* [EXERCISE REQUIREMENTS]:
Copy out the whole listing exactly as written, leaving the pictures behind.
Content starts
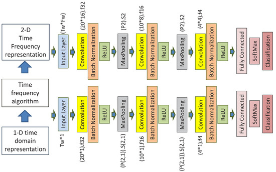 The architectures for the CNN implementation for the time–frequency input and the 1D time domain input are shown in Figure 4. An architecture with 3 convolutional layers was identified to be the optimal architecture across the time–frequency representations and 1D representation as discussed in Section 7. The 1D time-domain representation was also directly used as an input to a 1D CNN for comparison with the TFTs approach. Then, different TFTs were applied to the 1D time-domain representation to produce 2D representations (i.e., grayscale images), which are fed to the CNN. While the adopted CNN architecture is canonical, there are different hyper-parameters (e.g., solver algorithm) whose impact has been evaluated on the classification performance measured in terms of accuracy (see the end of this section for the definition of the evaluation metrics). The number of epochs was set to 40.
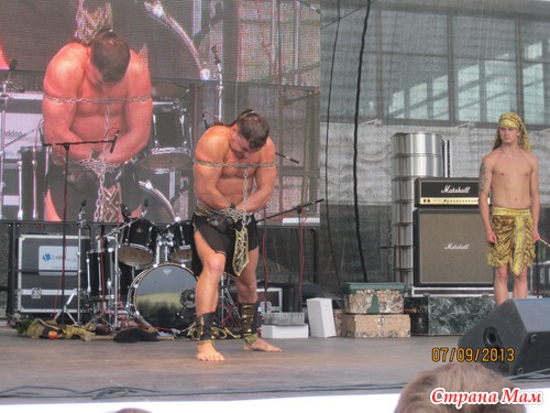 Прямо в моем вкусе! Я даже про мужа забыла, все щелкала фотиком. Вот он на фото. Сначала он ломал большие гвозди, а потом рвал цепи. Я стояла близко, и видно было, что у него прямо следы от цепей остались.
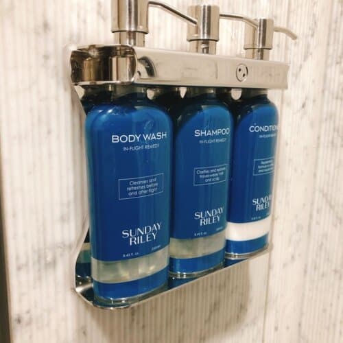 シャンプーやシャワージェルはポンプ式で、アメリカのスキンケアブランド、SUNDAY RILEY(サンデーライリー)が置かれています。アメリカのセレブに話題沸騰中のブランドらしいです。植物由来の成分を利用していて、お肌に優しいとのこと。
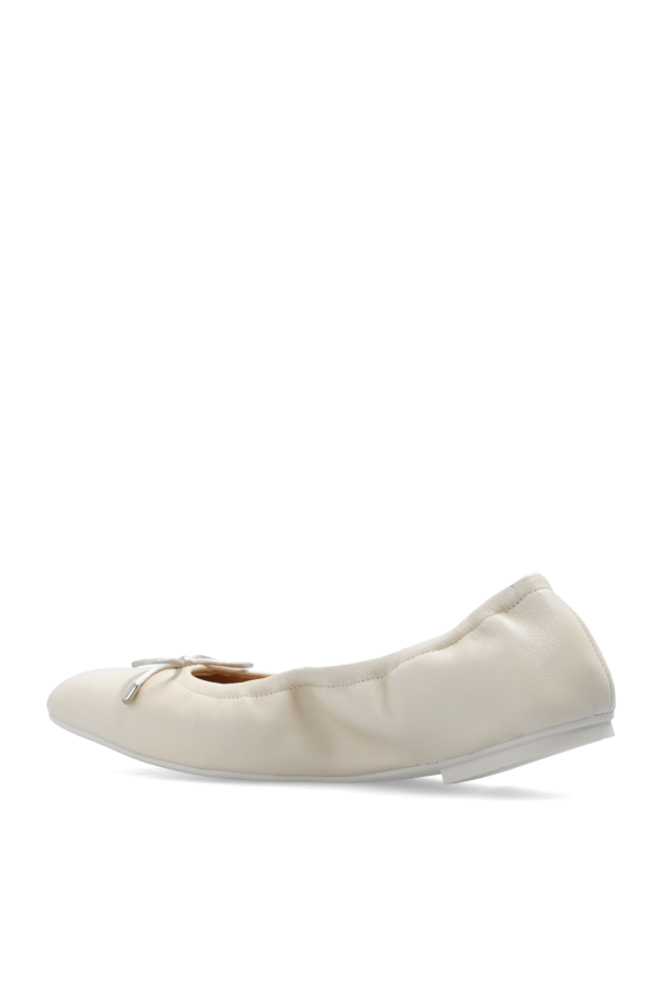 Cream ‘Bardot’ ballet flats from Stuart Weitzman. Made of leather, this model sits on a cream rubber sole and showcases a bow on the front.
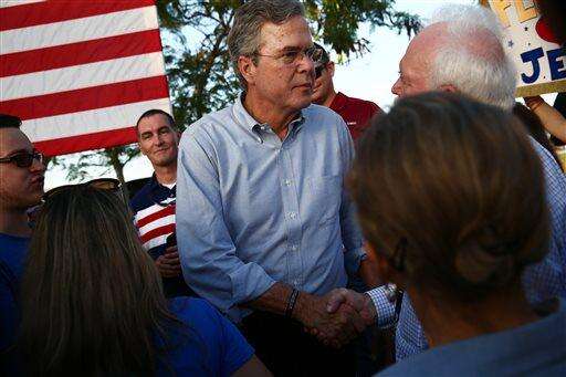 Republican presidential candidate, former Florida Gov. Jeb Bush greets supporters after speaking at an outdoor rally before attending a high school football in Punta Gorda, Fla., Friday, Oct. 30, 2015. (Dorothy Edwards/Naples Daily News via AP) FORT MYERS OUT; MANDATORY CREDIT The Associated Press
Content ends
* [ANSWER BOX]:
 The architectures for the CNN implementation for the time–frequency input and the 1D time domain input are shown in Figure 4. An architecture with 3 convolutional layers was identified to be the optimal architecture across the time–frequency representations and 1D representation as discussed in Section 7. The 1D time-domain representation was also directly used as an input to a 1D CNN for comparison with the TFTs approach. Then, different TFTs were applied to the 1D time-domain representation to produce 2D representations (i.e., grayscale images), which are fed to the CNN. While the adopted CNN architecture is canonical, there are different hyper-parameters (e.g., solver algorithm) whose impact has been evaluated on the classification performance measured in terms of accuracy (see the end of this section for the definition of the evaluation metrics). The number of epochs was set to 40.
 Прямо в моем вкусе! Я даже про мужа забыла, все щелкала фотиком. Вот он на фото. Сначала он ломал большие гвозди, а потом рвал цепи. Я стояла близко, и видно было, что у него прямо следы от цепей остались.
 シャンプーやシャワージェルはポンプ式で、アメリカのスキンケアブランド、SUNDAY RILEY(サンデーライリー)が置かれています。アメリカのセレブに話題沸騰中のブランドらしいです。植物由来の成分を利用していて、お肌に優しいとのこと。
 Cream ‘Bardot’ ballet flats from Stuart Weitzman. Made of leather, this model sits on a cream rubber sole and showcases a bow on the front.
 Republican presidential candidate, former Florida Gov. Jeb Bush greets supporters after speaking at an outdoor rally before attending a high school football in Punta Gorda, Fla., Friday, Oct. 30, 2015. (Dorothy Edwards/Naples Daily News via AP) FORT MYERS OUT; MANDATORY CREDIT The Associated Press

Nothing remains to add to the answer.